Here’s what it appears like in our little 3d atmosphere:

Uncooked Quaternion Cubic Interpolation

If you’re interpolating a sequence of quaternions that are sequentially fairly related to one another, and have been “unrolled” in order that there are not any sudden
discontinuities there may be a fair simpler option to do cubic interpolation of quaternions, which is to simply do the interpolation instantly within the 4d quaternion area, treating the quaternions as 4d vectors, and re-normalize the end result.

This may be quicker and can produce virtually similar outcomes when your quaternions are related. I see this as like the difference between using slerp and nlerp for linear interpolation.

Conclusion

In the case of animation knowledge, I believe most individuals consider that doing cubic interpolation of rotations is a waste of CPU cycles. Sure – sampling 4 poses is dearer than two and the arithmetic concerned are dearer too – however cubic interpolation actually can make a visible distinction – specifically when taking part in animation in slow-motion.

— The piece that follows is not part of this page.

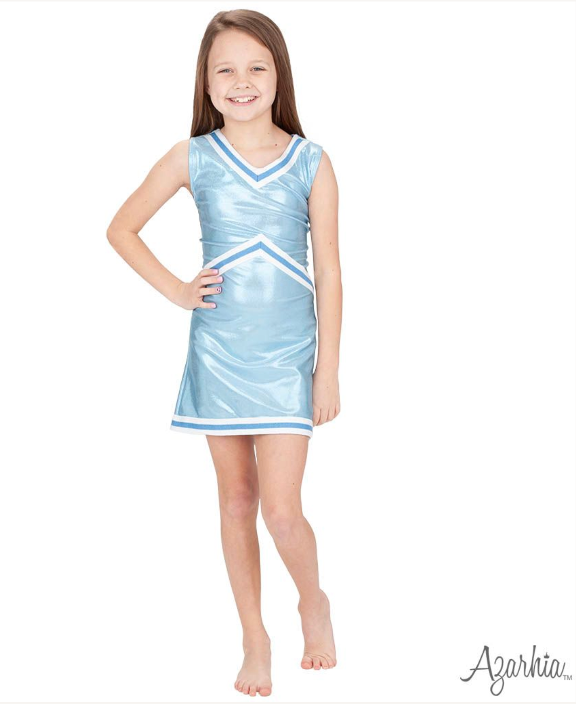 Azarhia Shimmer Cheer Suit in Light Blue Game Day.

As well as, in comparison with linear interpolation, cubic interpolation offers velocities that change easily in-between frames, which might forestall aliasing results when additional processing the info. For instance, sampling velocities for a motion-matching database through linear interpolation at a fee increased than the unique animation knowledge will produce consecutive entries with the identical velocities – which might seem like a bug in the case of examine the info and might have an effect on the results of downstream algorithms akin to PCA.

Right here is one other concrete instance: whereas FIFA 21 has undoubtedly a few of the finest, most refined, and most life like animation on the earth of video video games, the linear interpolation between frames, and the speed discontinuity this introduces throughout slow-mo is one thing that can’t be un-seen.